Flybe Group has confirmed a takeover offer was submitted on Tuesday, February 19, by a consortium of US-based interests.

The firm said in a stock market filing that the offer, which it deemed "preliminary and highly conditional", had been submitted by a group of investors led by New York-based private equity firm Bateleur Capital LLC and Arizona-based capacity provider Mesa Air Group, with support from former Stobart Group chief executive Andrew Tinkler and other un-named institutional shareholders.

The offer included a capital injection and replacement of funding provided by the Connect Airways consortium, the Flybe Group board's preferred bidder, whose members include Virgin Atlantic, Stobart Group, and private equity firm Cyrus Capital.
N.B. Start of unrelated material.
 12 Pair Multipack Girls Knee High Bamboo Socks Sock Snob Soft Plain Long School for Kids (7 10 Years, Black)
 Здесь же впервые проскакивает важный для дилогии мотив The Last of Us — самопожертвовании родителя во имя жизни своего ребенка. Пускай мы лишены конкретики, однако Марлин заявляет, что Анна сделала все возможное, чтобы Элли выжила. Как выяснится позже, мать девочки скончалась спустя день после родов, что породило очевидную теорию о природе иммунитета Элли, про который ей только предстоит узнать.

The Group said the Bateleur/Mesa offer was conditional on, and subject to, a significant number of items, in particular, that it retains ownership of its flybe. (2002) (Exeter) (including Flybe Aviation Services Ltd) and Flybe.com Ltd digital company assets. However, the Group said this would not be possible given it was bound by the terms of a share purchase agreement wherein Connect Airways will acquire the three entities for GBP2.8 million (USD3.61 million).
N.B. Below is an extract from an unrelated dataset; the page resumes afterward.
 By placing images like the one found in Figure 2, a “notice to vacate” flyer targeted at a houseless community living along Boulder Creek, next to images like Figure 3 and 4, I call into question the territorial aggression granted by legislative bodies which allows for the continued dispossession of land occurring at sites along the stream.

Other requirements include the offer securing UK Civil Aviation Authority (CAA) consent and agreements being reached with Flybe's credit card acquirers, banks, lessors, OEMs and pension fund trustees. Furthermore, a key aspect of the new proposal is that it requires the publication of a prospectus and the passing of a "whitewash" resolution by Flybe's independent shareholders i.e. that they waive their rights to a mandatory takeover from the Bateleur/Mesa consortium for the Flybe Group ordinary shares that they do not already own or control.

Flybe Group said it had already drawn down on the first GBP15 million (USD19.57 million) of a GBP20 million (USD26.1 million) credit facility extended to it by Connect Airways with repayment due by February 22. In addition, arrangements with Flybe's credit card acquirers and banks are critical to the airline being able to continue to trade and are conditional themselves upon Connect Airways acquiring control of the carrier as a whole.

As such, Flybe's board said the Bateleur/Mesa offer was not doable given the timeframe required to enable Flybe to continue to trade.

"The Board emphasises to shareholders that it continues to regard the arrangements entered into with Connect Airways as being the only viable option available to the Company which provides the security that the business needs to continue to trade successfully," it said adding that the Connect Airways offer would preserve the interests of Flybe's stakeholders, customers, employees, partners and pension scheme members.